TASK DIRECTIONS: Leave out the pictures and print precisely the lines from the line with "The response of" to the final line of the entries, both ends included.

GIVEN INFORMATION:
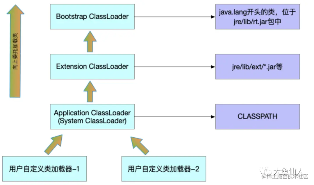 至于双亲委派,我觉得可能很多人都听说过,或者说简单的了解过,大鱼这里也继续给大家啰嗦一下
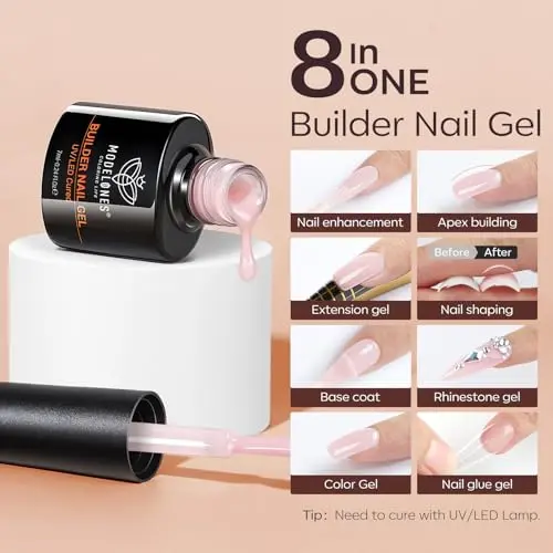 30 Days No Peel-Off & No Bubbles: Modelones nail thickening builder nail gel is made of professional formula, which is adjusted after 72 tests. Say Goodbye to Air-bubble and Peel-off problems. High durability clear gel builder can stay last longer and brings you natural, strong, flexible, and feather-light nails. Long-lasting for 30+ days with with proper application
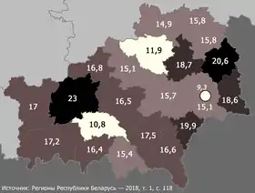 Всего в 2016 году в Гомельской области родилось 18 386 и умерло 18 609 человек. В 2017 году в области родилось 15 991 и умерло 18 407 человек[10].
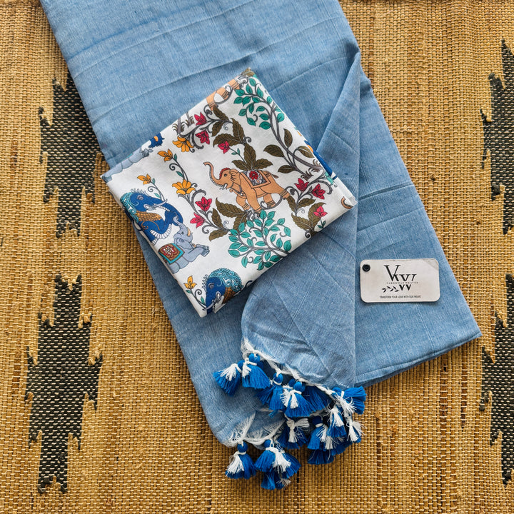 Cotton Saree with Tassels & Contrasting Printed Blouse
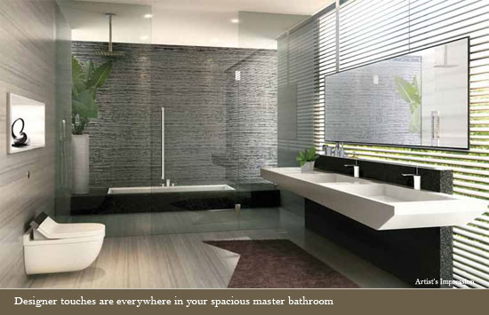 Your master bedroom is a private haven of luxurious comfort that includes a large walk-in wardrobe with concealed LED lights for your designer collection. The ensuite master bathroom stretches to incorporate a semi-recessed long bath. Most of the other two bedrooms on this floor also share an ensuite bathroom.
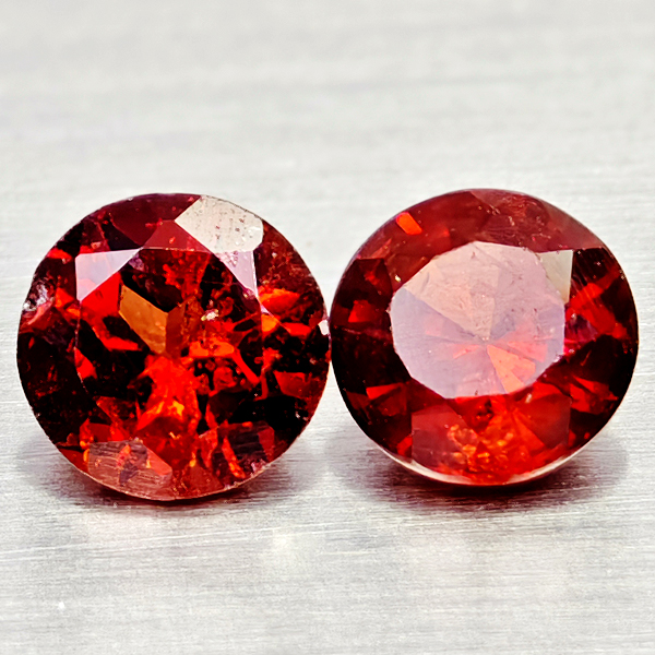 Natural Orangish Red Garnet 1.27 Ct. 2 Pcs Round Shape 5 Mm Gemstones
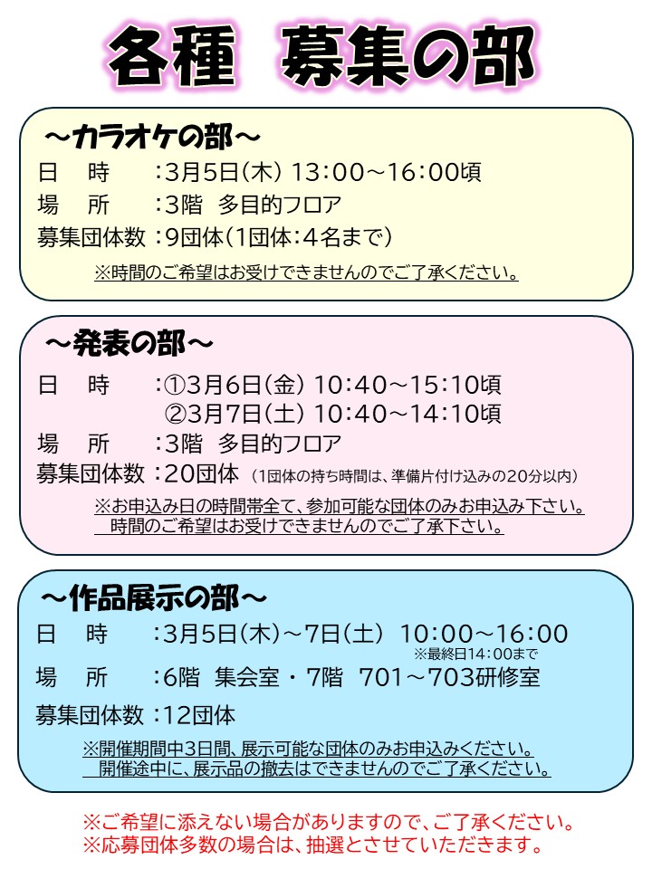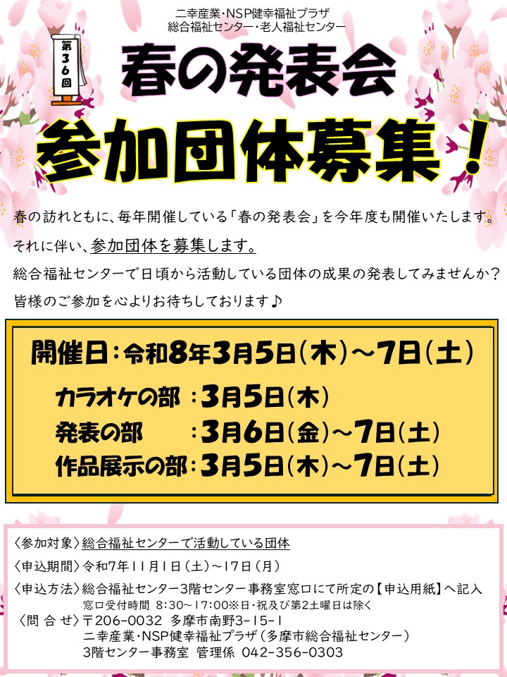 それに伴い、参加団体を募集します。総合福祉センターで日頃から活動している団体の成果を発表してみませんか?
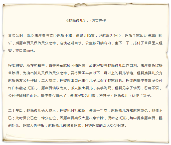 《趙氏孤兒》是中國四大古典悲劇之一,講敘春秋時期晉國貴族趙氏被奸臣陷害而慘遭滅門,幸存下來的趙氏孤兒趙武長大后為家族復仇的故事。該劇傳達了戰國時期所崇尚,也是我國傳統文化中重要內容的“義”,在劇中具體彰顯為與邪惡斗爭的人間正義。
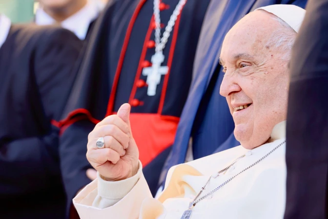 El Papa Francisco antes de su llegada al encuentro con sacerdotes y religiosos en Córcega | Crédito: Daniel Ibáñez/EWTN News
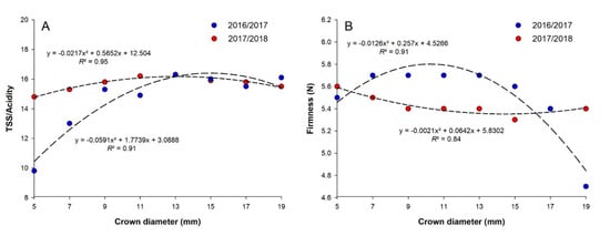 The response of the ratio between the content of soluble solids (TSS) by titratable acidity (A) and pulp firmness (B) of the fruits of strawberry plants cv. ‘Pircinque’, depending on different crown diameters of the plants (5, 7, 9, 11, 13, 15, 17, and 19 mm) during the 2016/2017 and 2017/2018 production cycles.
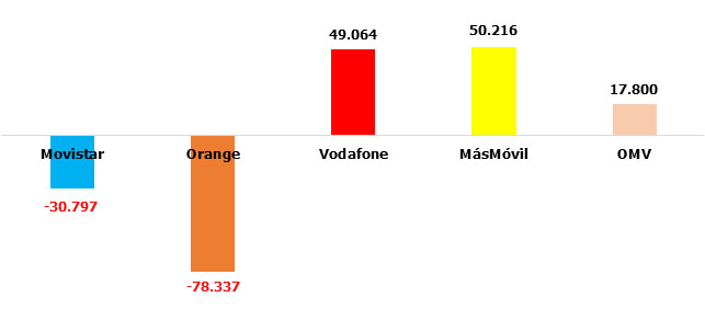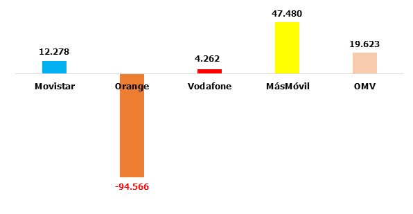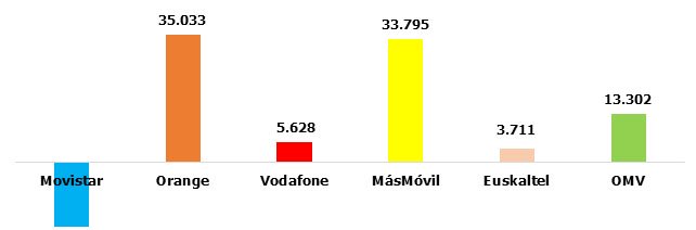 El ganador, en este caso, es Orange, seguida muy de cerca por MásMovil. El resto de operadoras, discretas pero en positivo.

OUTPUT FOR THIS TASK:
 The response of the ratio between the content of soluble solids (TSS) by titratable acidity (A) and pulp firmness (B) of the fruits of strawberry plants cv. ‘Pircinque’, depending on different crown diameters of the plants (5, 7, 9, 11, 13, 15, 17, and 19 mm) during the 2016/2017 and 2017/2018 production cycles.
 El ganador, en este caso, es Orange, seguida muy de cerca por MásMovil. El resto de operadoras, discretas pero en positivo.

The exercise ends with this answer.